» **Exercise**: Output exactly, and only, the lines below from the one with "2013年4月15日上午9時" down to the one with "37. Wang S, Ren". Include both end lines and no pictures.

» **Supplied records**:

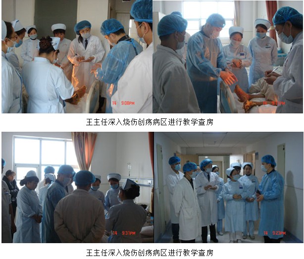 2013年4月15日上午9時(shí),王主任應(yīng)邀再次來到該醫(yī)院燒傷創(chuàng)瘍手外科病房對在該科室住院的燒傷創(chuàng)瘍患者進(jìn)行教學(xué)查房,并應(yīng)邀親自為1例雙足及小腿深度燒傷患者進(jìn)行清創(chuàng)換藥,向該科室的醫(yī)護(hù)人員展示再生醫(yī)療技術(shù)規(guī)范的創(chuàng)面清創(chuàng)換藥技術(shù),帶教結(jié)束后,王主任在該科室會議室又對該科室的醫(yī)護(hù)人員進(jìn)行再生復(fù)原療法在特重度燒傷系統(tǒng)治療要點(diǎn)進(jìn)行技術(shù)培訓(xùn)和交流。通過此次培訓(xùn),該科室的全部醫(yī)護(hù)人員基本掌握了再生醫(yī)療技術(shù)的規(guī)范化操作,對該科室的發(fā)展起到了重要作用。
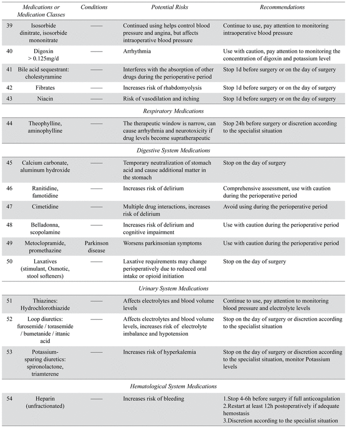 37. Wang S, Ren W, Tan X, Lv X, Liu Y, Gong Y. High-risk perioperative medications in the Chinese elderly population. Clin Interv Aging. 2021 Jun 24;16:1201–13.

...

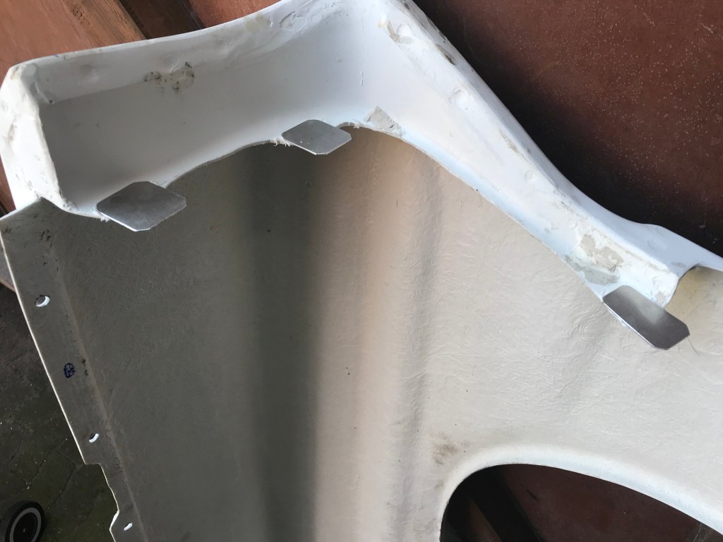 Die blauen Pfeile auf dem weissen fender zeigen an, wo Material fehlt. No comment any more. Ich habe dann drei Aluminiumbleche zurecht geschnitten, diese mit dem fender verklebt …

» **Response area**:
 2013年4月15日上午9時(shí),王主任應(yīng)邀再次來到該醫(yī)院燒傷創(chuàng)瘍手外科病房對在該科室住院的燒傷創(chuàng)瘍患者進(jìn)行教學(xué)查房,并應(yīng)邀親自為1例雙足及小腿深度燒傷患者進(jìn)行清創(chuàng)換藥,向該科室的醫(yī)護(hù)人員展示再生醫(yī)療技術(shù)規(guī)范的創(chuàng)面清創(chuàng)換藥技術(shù),帶教結(jié)束后,王主任在該科室會議室又對該科室的醫(yī)護(hù)人員進(jìn)行再生復(fù)原療法在特重度燒傷系統(tǒng)治療要點(diǎn)進(jìn)行技術(shù)培訓(xùn)和交流。通過此次培訓(xùn),該科室的全部醫(yī)護(hù)人員基本掌握了再生醫(yī)療技術(shù)的規(guī)范化操作,對該科室的發(fā)展起到了重要作用。
 37. Wang S, Ren W, Tan X, Lv X, Liu Y, Gong Y. High-risk perioperative medications in the Chinese elderly population. Clin Interv Aging. 2021 Jun 24;16:1201–13.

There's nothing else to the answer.